Carlsberg has long focused on Russia for profit - the country is famous for its drinking culture - and the Danish brewer did increase its market share in Russia in the second quarter to 39.2 percent. However, the nation's predilection for heavy drinking has led the government to clamp down on alcohol consumption with new regulations and taxes.
Rasmussen says that this year Carlsberg has been hit by a new law that prohibits the sale of alcohol from kiosks, usually a popular place for Russians to purchase beers and spirits.
"That has had a negative impact for 2013," he said. "At the same time, the per capita consumption is extremely low in Russia nowadays, and a lot lower than it used to be, and lower than many Western European countries."

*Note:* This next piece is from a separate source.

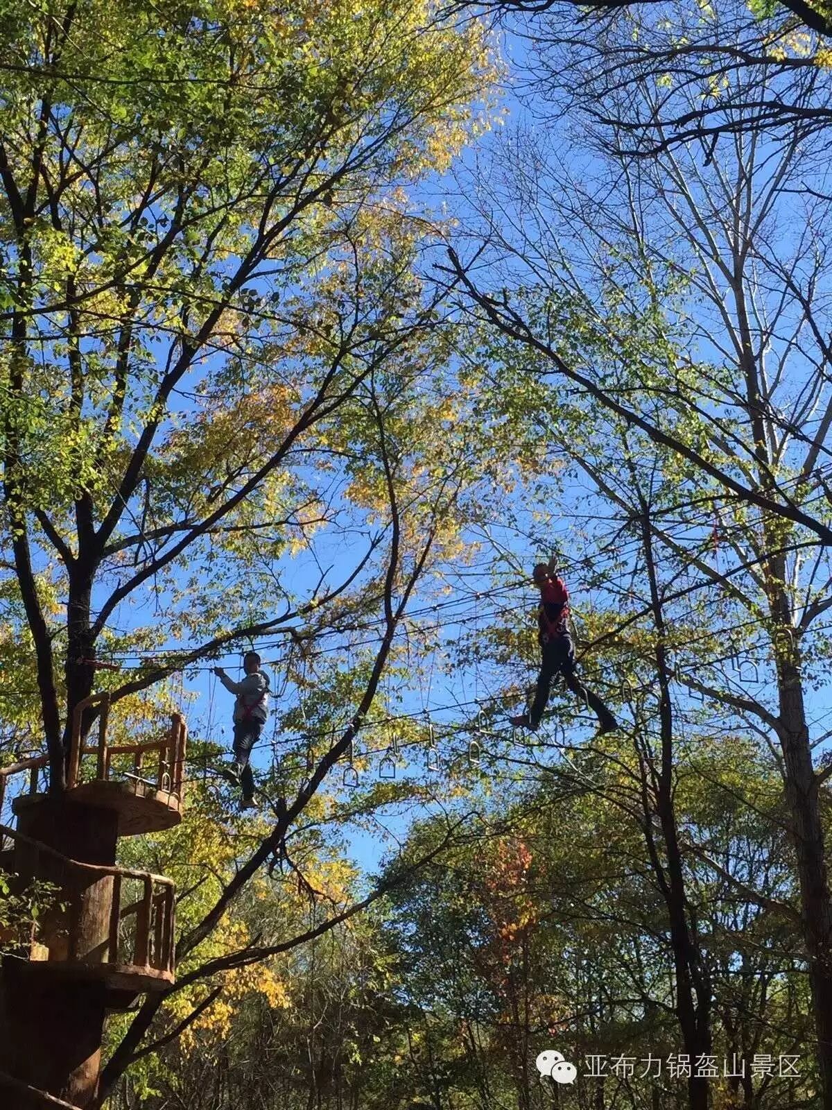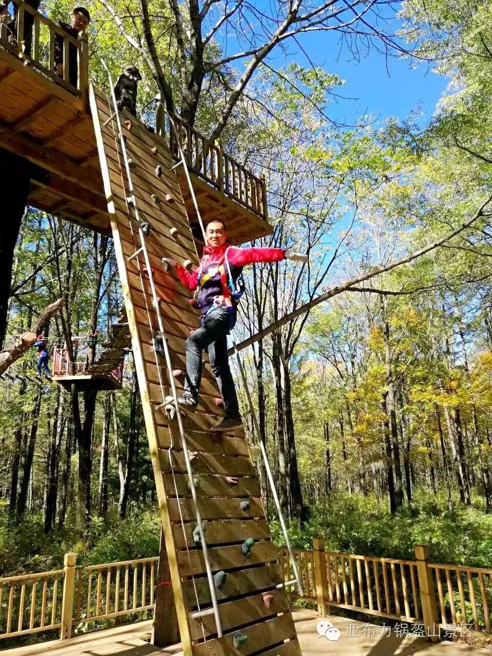 我们工作人员系好安全绳穿梭在森林探险游乐项目中,体验着惊险刺激的感觉。
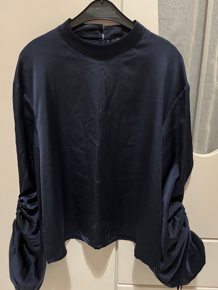 Kadınlar için uzun kollu, drapeli ve yüksek yakalı siyah bluz. İpek gibi kumaştan, bol kesim ve normal midi boyda, günlük sokak stili için uygundur.

Rasmussen was none too optimistic about the outlook for the rest of Europe,despite encouraging data in recent that has piqued hopes the euro zone is on the mend. Rasmussen said it would take some time before the consumer market improved significantly in Europe, and that 2013 and 2014 will still be challenging.
Asia, however, remained Carlsberg's key area for future growth, said Rasmussen. Carlsberg's revenue in Asia grew by 10 percent in the second quarter, although this still lagged analysts' forecasts.
"I do believe the average Asian economy will keep growing for years to come and also, quite importantly, the category we are in is still very undeveloped in most Asian countries," he said. "You are talking about still very low consumption...the underlying fundamentals for this category are very strong."